> INPUT DATA
____
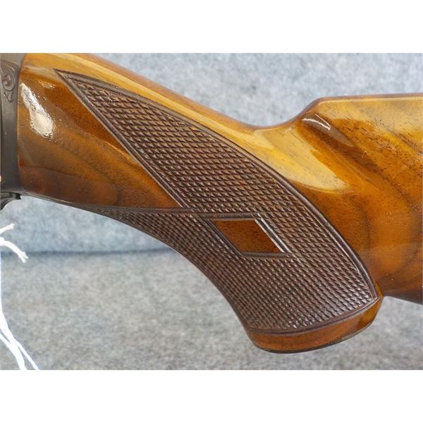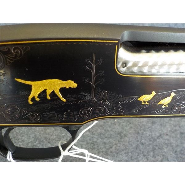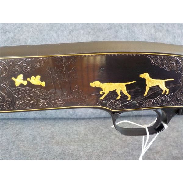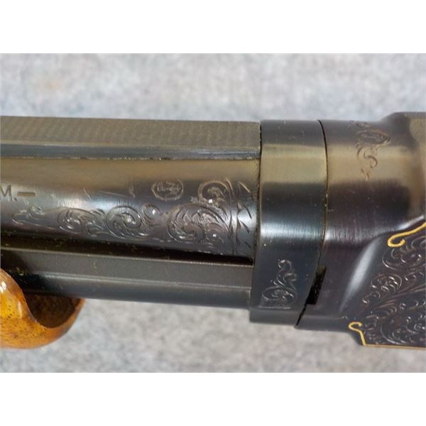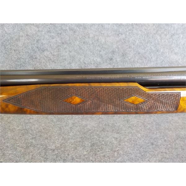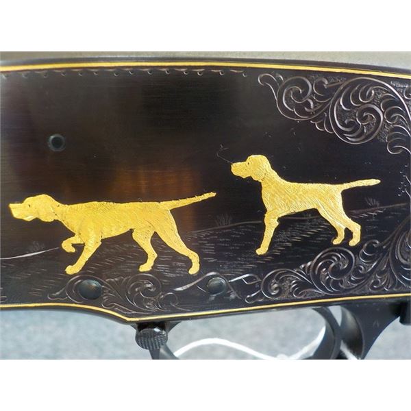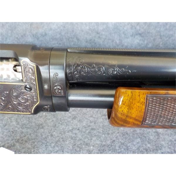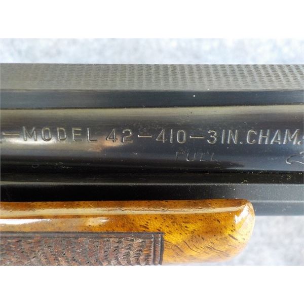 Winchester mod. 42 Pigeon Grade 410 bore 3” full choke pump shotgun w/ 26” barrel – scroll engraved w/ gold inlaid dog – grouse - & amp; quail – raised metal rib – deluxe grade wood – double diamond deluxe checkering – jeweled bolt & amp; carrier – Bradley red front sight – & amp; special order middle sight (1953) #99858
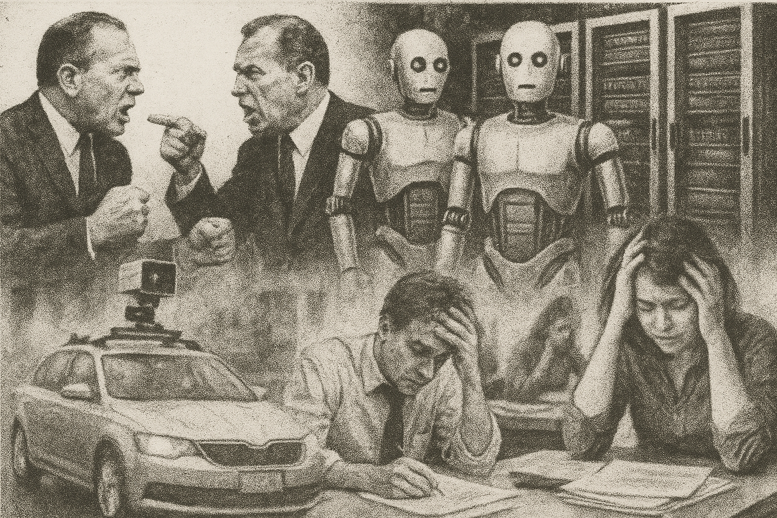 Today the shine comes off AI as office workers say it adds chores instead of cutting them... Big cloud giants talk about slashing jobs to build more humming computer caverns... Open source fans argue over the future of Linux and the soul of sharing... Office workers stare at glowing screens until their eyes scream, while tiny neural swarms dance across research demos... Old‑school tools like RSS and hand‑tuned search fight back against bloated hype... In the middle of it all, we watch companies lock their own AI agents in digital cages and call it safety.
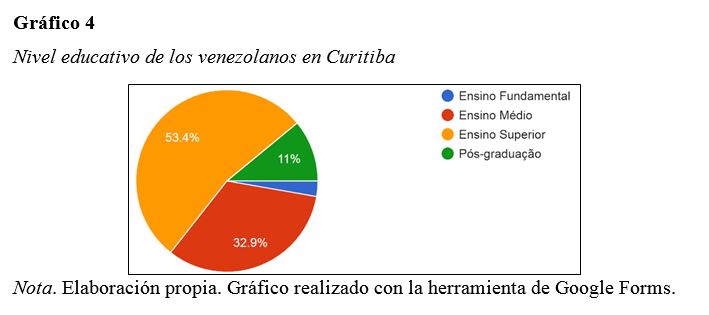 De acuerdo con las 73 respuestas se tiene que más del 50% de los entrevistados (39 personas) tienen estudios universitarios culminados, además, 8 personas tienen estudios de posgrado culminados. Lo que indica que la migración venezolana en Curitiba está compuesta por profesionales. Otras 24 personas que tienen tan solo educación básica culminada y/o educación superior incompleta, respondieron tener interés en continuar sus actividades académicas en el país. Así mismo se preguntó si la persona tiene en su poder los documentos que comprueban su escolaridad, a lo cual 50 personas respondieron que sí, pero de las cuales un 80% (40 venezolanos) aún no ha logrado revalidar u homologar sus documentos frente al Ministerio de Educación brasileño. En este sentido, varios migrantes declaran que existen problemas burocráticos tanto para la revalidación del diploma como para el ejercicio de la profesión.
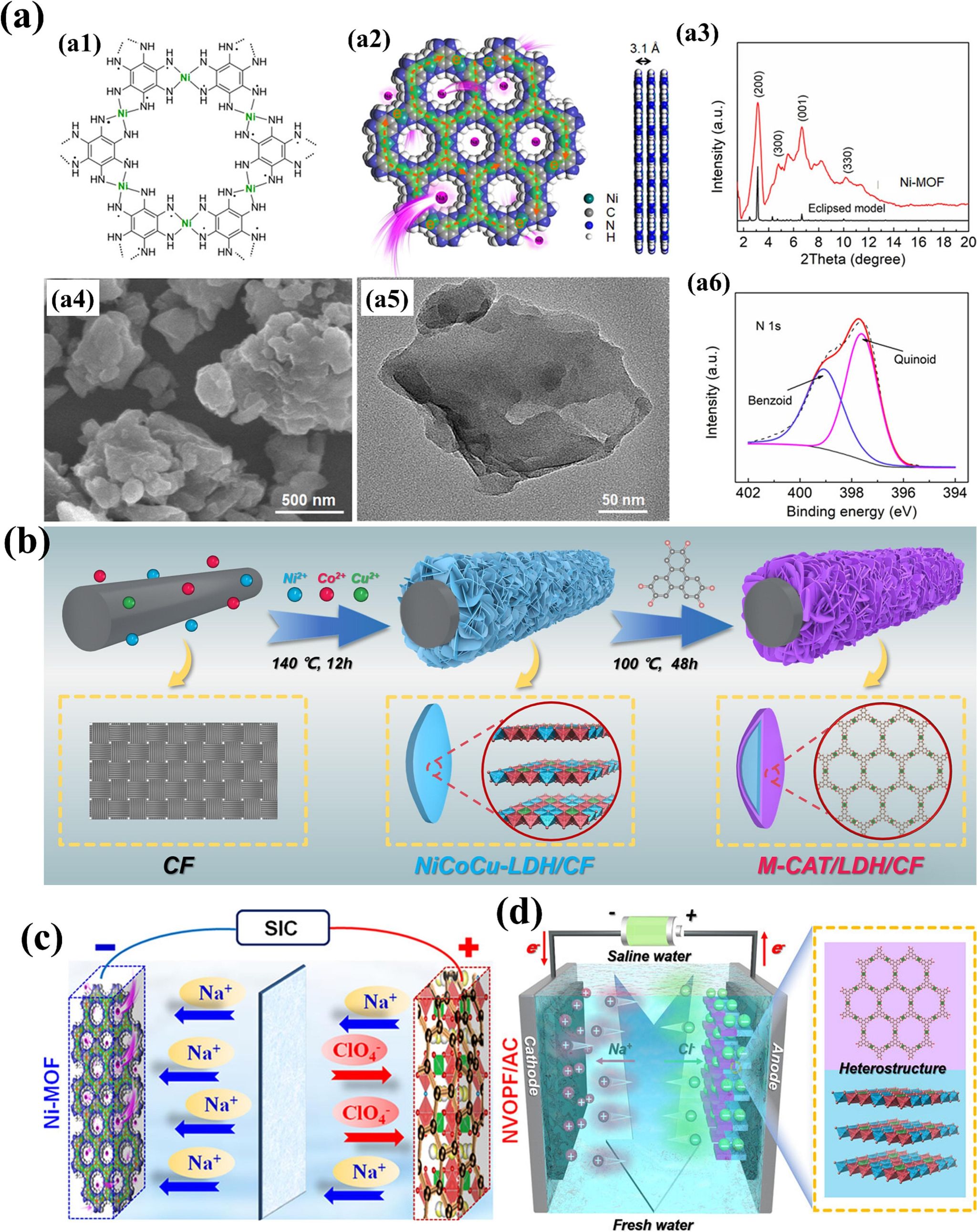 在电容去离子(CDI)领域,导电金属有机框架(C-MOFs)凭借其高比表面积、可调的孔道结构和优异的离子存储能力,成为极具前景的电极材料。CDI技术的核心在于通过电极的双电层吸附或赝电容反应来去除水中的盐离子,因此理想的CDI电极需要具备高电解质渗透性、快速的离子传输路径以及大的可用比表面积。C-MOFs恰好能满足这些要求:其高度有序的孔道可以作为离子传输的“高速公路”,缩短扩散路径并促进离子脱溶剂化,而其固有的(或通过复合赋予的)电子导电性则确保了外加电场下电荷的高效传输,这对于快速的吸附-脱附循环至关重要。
____
> TASK STATEMENT
Give the material again exactly as it is, but keep the pictures out.

> YOUR RESPONSE
 Winchester mod. 42 Pigeon Grade 410 bore 3” full choke pump shotgun w/ 26” barrel – scroll engraved w/ gold inlaid dog – grouse - & amp; quail – raised metal rib – deluxe grade wood – double diamond deluxe checkering – jeweled bolt & amp; carrier – Bradley red front sight – & amp; special order middle sight (1953) #99858
 Today the shine comes off AI as office workers say it adds chores instead of cutting them... Big cloud giants talk about slashing jobs to build more humming computer caverns... Open source fans argue over the future of Linux and the soul of sharing... Office workers stare at glowing screens until their eyes scream, while tiny neural swarms dance across research demos... Old‑school tools like RSS and hand‑tuned search fight back against bloated hype... In the middle of it all, we watch companies lock their own AI agents in digital cages and call it safety.
 De acuerdo con las 73 respuestas se tiene que más del 50% de los entrevistados (39 personas) tienen estudios universitarios culminados, además, 8 personas tienen estudios de posgrado culminados. Lo que indica que la migración venezolana en Curitiba está compuesta por profesionales. Otras 24 personas que tienen tan solo educación básica culminada y/o educación superior incompleta, respondieron tener interés en continuar sus actividades académicas en el país. Así mismo se preguntó si la persona tiene en su poder los documentos que comprueban su escolaridad, a lo cual 50 personas respondieron que sí, pero de las cuales un 80% (40 venezolanos) aún no ha logrado revalidar u homologar sus documentos frente al Ministerio de Educación brasileño. En este sentido, varios migrantes declaran que existen problemas burocráticos tanto para la revalidación del diploma como para el ejercicio de la profesión.
 在电容去离子(CDI)领域,导电金属有机框架(C-MOFs)凭借其高比表面积、可调的孔道结构和优异的离子存储能力,成为极具前景的电极材料。CDI技术的核心在于通过电极的双电层吸附或赝电容反应来去除水中的盐离子,因此理想的CDI电极需要具备高电解质渗透性、快速的离子传输路径以及大的可用比表面积。C-MOFs恰好能满足这些要求:其高度有序的孔道可以作为离子传输的“高速公路”,缩短扩散路径并促进离子脱溶剂化,而其固有的(或通过复合赋予的)电子导电性则确保了外加电场下电荷的高效传输,这对于快速的吸附-脱附循环至关重要。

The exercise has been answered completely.